--- Task statement ---
Each entry has to be reproduced in full, exactly as given.

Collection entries
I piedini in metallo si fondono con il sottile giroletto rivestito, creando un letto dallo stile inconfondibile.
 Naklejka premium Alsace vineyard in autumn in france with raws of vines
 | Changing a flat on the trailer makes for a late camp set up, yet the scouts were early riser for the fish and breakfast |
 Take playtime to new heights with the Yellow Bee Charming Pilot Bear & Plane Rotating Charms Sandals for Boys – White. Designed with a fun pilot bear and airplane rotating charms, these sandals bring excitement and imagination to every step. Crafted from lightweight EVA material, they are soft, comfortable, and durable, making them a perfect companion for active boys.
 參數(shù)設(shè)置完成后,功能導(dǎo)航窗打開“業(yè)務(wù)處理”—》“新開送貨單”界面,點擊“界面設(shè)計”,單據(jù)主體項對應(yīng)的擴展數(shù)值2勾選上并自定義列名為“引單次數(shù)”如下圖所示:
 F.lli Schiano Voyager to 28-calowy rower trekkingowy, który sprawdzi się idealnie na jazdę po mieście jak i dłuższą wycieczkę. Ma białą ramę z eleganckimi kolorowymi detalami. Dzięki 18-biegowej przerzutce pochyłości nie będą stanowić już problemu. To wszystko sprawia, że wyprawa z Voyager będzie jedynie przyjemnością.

--- Solution for this task ---
I piedini in metallo si fondono con il sottile giroletto rivestito, creando un letto dallo stile inconfondibile.
 Naklejka premium Alsace vineyard in autumn in france with raws of vines
 | Changing a flat on the trailer makes for a late camp set up, yet the scouts were early riser for the fish and breakfast |
 Take playtime to new heights with the Yellow Bee Charming Pilot Bear & Plane Rotating Charms Sandals for Boys – White. Designed with a fun pilot bear and airplane rotating charms, these sandals bring excitement and imagination to every step. Crafted from lightweight EVA material, they are soft, comfortable, and durable, making them a perfect companion for active boys.
 參數(shù)設(shè)置完成后,功能導(dǎo)航窗打開“業(yè)務(wù)處理”—》“新開送貨單”界面,點擊“界面設(shè)計”,單據(jù)主體項對應(yīng)的擴展數(shù)值2勾選上并自定義列名為“引單次數(shù)”如下圖所示:
 F.lli Schiano Voyager to 28-calowy rower trekkingowy, który sprawdzi się idealnie na jazdę po mieście jak i dłuższą wycieczkę. Ma białą ramę z eleganckimi kolorowymi detalami. Dzięki 18-biegowej przerzutce pochyłości nie będą stanowić już problemu. To wszystko sprawia, że wyprawa z Voyager będzie jedynie przyjemnością.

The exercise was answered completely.